-- Opening Marker --
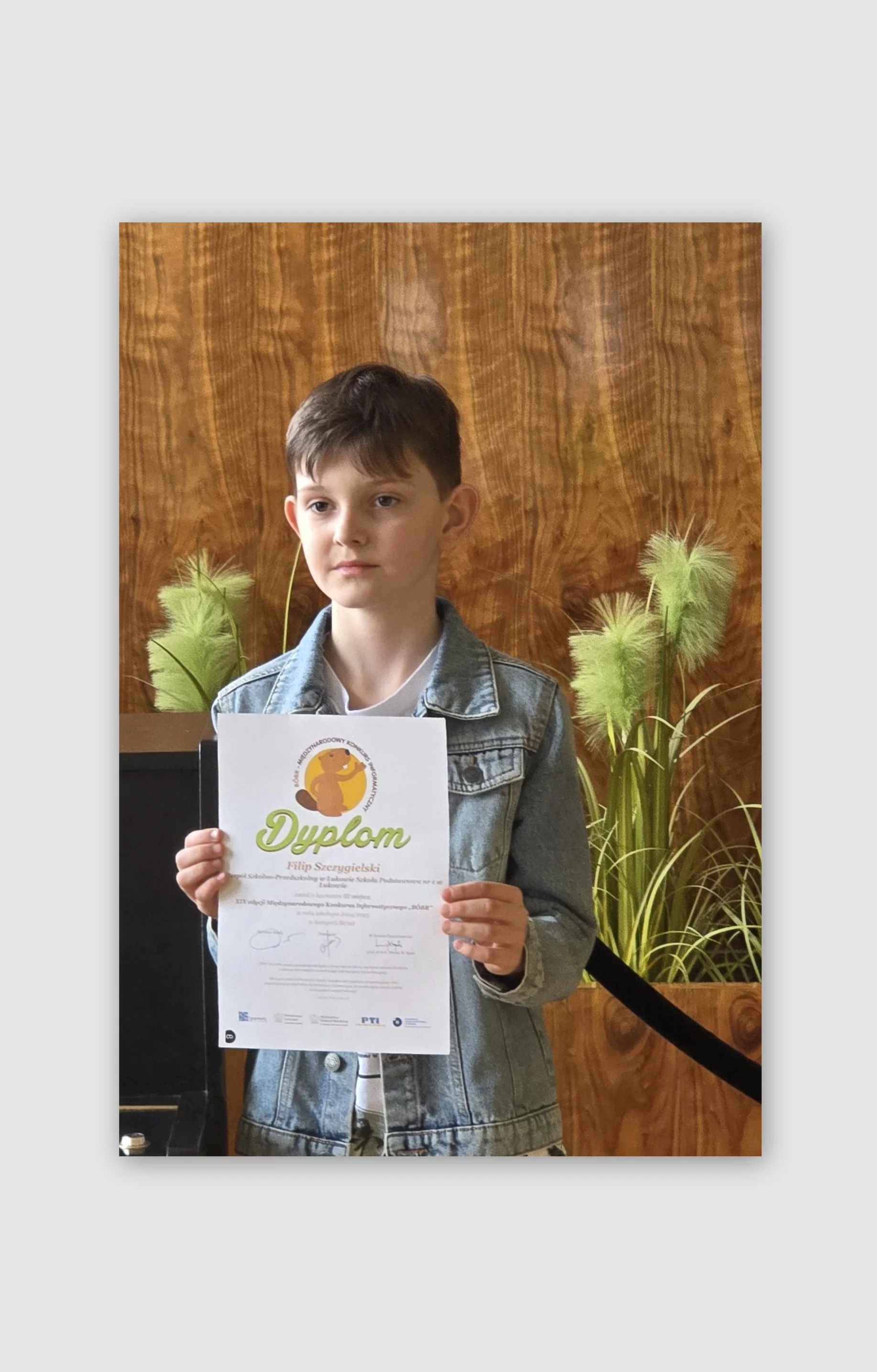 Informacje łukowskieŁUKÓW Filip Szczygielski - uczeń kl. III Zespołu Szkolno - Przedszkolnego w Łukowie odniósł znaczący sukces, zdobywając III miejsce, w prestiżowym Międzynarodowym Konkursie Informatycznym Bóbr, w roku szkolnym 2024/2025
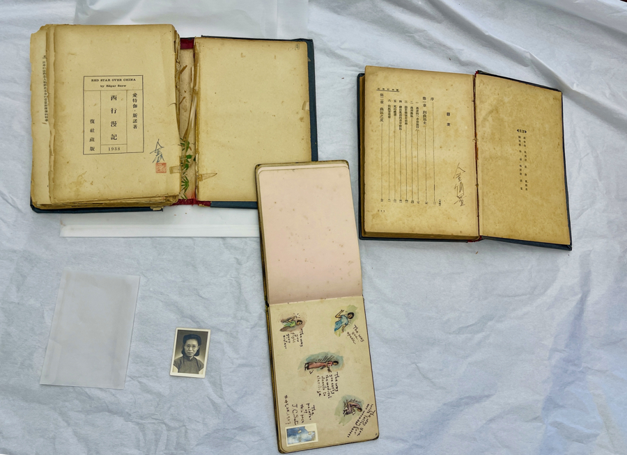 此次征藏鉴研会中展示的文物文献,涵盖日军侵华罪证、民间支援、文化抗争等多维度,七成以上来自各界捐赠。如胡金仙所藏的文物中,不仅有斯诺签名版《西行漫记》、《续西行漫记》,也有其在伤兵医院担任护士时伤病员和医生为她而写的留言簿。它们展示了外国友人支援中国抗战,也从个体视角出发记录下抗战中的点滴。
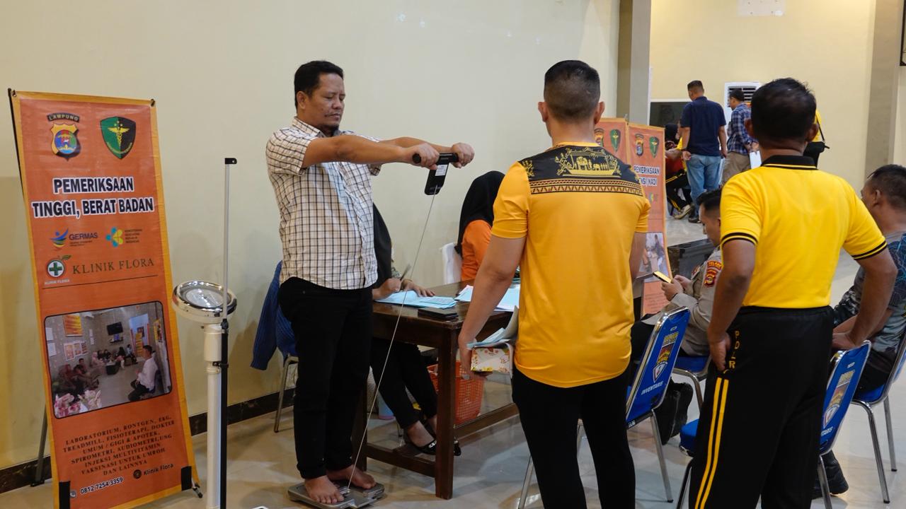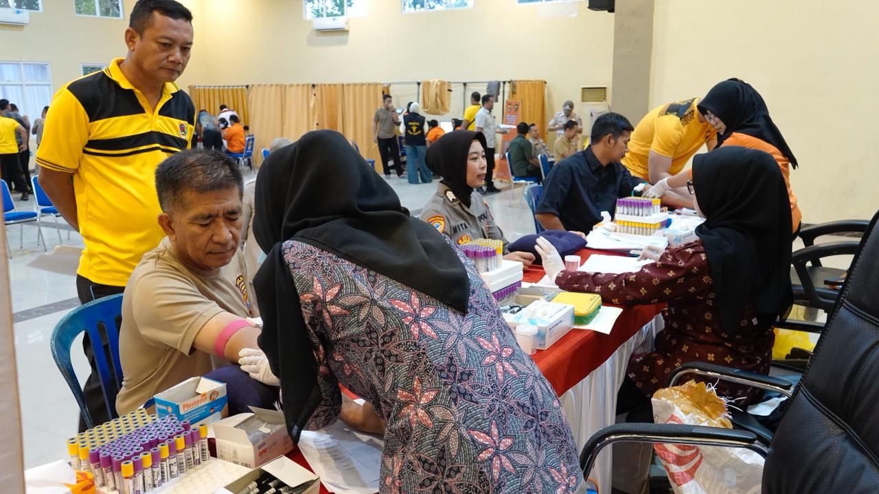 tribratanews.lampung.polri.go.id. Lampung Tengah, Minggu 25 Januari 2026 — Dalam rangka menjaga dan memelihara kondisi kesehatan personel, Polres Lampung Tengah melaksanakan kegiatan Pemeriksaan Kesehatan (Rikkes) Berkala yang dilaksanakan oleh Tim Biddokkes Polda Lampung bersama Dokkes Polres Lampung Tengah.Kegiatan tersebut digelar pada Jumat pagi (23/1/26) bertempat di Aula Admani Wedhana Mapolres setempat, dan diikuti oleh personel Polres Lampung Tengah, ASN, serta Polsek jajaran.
-- Closing Marker --
# Task item:
Skip the pictures, then return the rest of the data exactly.

# Expected answer:
 Informacje łukowskieŁUKÓW Filip Szczygielski - uczeń kl. III Zespołu Szkolno - Przedszkolnego w Łukowie odniósł znaczący sukces, zdobywając III miejsce, w prestiżowym Międzynarodowym Konkursie Informatycznym Bóbr, w roku szkolnym 2024/2025
 此次征藏鉴研会中展示的文物文献,涵盖日军侵华罪证、民间支援、文化抗争等多维度,七成以上来自各界捐赠。如胡金仙所藏的文物中,不仅有斯诺签名版《西行漫记》、《续西行漫记》,也有其在伤兵医院担任护士时伤病员和医生为她而写的留言簿。它们展示了外国友人支援中国抗战,也从个体视角出发记录下抗战中的点滴。
 tribratanews.lampung.polri.go.id. Lampung Tengah, Minggu 25 Januari 2026 — Dalam rangka menjaga dan memelihara kondisi kesehatan personel, Polres Lampung Tengah melaksanakan kegiatan Pemeriksaan Kesehatan (Rikkes) Berkala yang dilaksanakan oleh Tim Biddokkes Polda Lampung bersama Dokkes Polres Lampung Tengah.Kegiatan tersebut digelar pada Jumat pagi (23/1/26) bertempat di Aula Admani Wedhana Mapolres setempat, dan diikuti oleh personel Polres Lampung Tengah, ASN, serta Polsek jajaran.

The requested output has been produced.